*** Information supplied ***

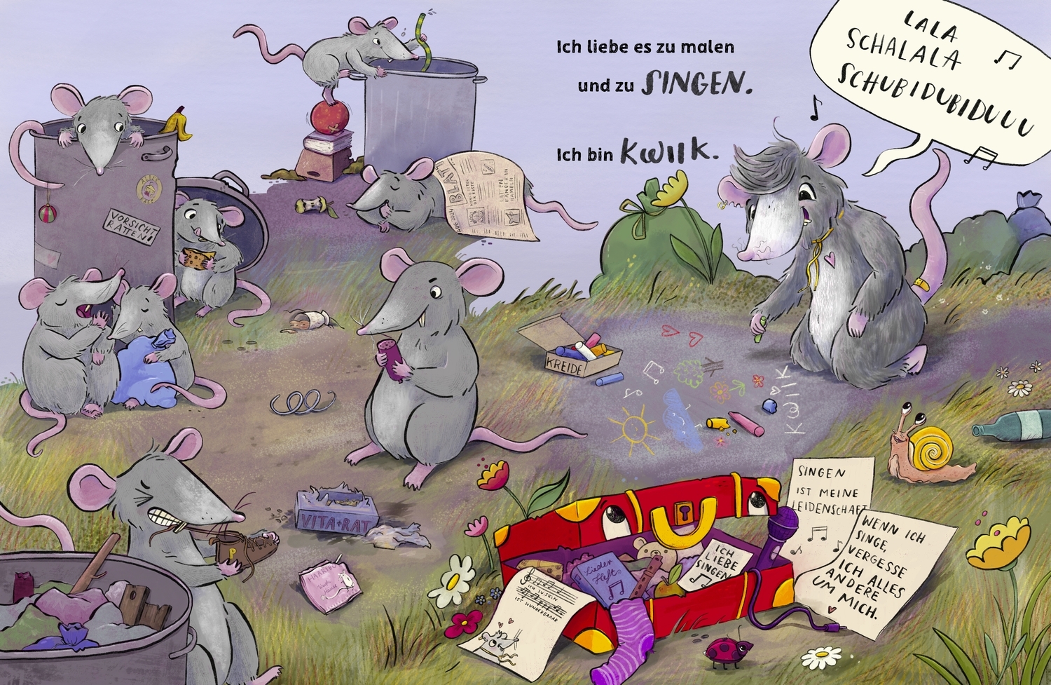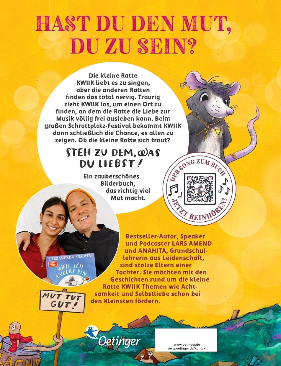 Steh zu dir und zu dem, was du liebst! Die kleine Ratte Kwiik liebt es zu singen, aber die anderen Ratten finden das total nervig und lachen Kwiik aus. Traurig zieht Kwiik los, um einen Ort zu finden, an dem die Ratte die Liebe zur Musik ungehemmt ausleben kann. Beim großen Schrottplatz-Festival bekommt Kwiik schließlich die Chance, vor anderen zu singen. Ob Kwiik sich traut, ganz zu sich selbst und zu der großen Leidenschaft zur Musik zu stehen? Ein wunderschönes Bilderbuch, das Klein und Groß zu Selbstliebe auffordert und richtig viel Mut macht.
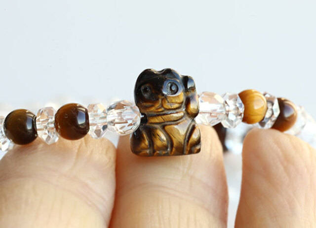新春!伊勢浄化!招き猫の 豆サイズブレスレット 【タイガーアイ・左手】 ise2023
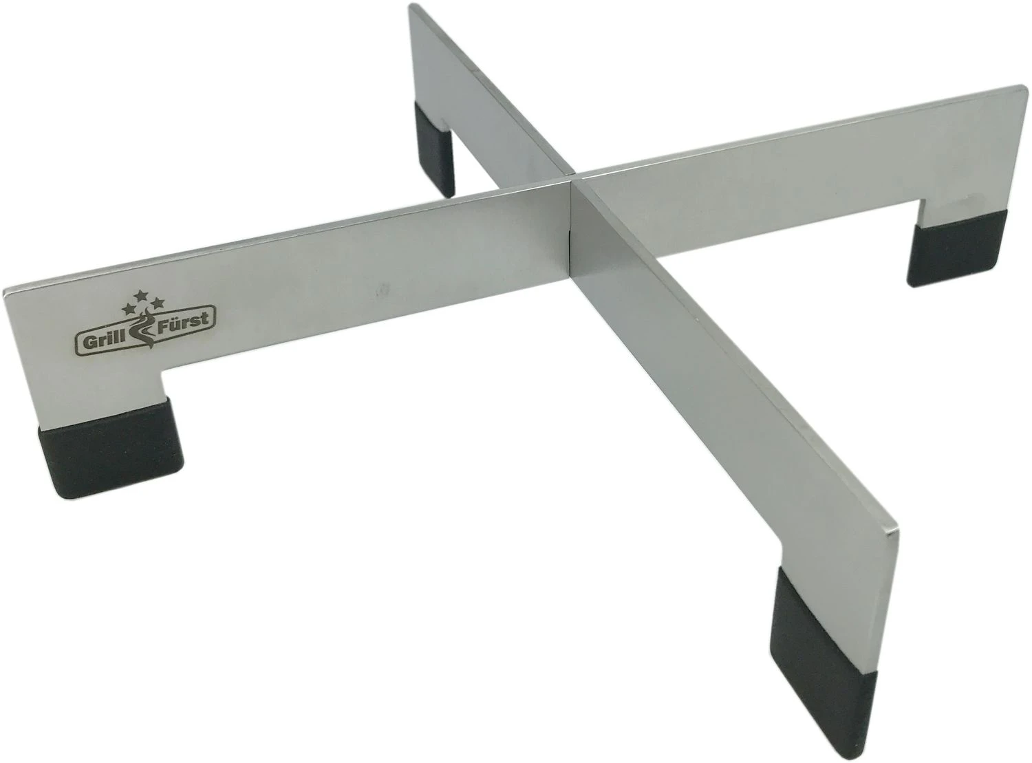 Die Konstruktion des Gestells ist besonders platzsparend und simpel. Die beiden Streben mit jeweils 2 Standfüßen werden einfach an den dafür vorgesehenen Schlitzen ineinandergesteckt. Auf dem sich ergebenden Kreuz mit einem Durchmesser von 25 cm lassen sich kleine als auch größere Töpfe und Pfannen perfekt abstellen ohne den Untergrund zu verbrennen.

*** End of Information supplied ***

Each line above should be written out again unchanged; no images are to be carried over.

 Steh zu dir und zu dem, was du liebst! Die kleine Ratte Kwiik liebt es zu singen, aber die anderen Ratten finden das total nervig und lachen Kwiik aus. Traurig zieht Kwiik los, um einen Ort zu finden, an dem die Ratte die Liebe zur Musik ungehemmt ausleben kann. Beim großen Schrottplatz-Festival bekommt Kwiik schließlich die Chance, vor anderen zu singen. Ob Kwiik sich traut, ganz zu sich selbst und zu der großen Leidenschaft zur Musik zu stehen? Ein wunderschönes Bilderbuch, das Klein und Groß zu Selbstliebe auffordert und richtig viel Mut macht.
新春!伊勢浄化!招き猫の 豆サイズブレスレット 【タイガーアイ・左手】 ise2023
 Die Konstruktion des Gestells ist besonders platzsparend und simpel. Die beiden Streben mit jeweils 2 Standfüßen werden einfach an den dafür vorgesehenen Schlitzen ineinandergesteckt. Auf dem sich ergebenden Kreuz mit einem Durchmesser von 25 cm lassen sich kleine als auch größere Töpfe und Pfannen perfekt abstellen ohne den Untergrund zu verbrennen.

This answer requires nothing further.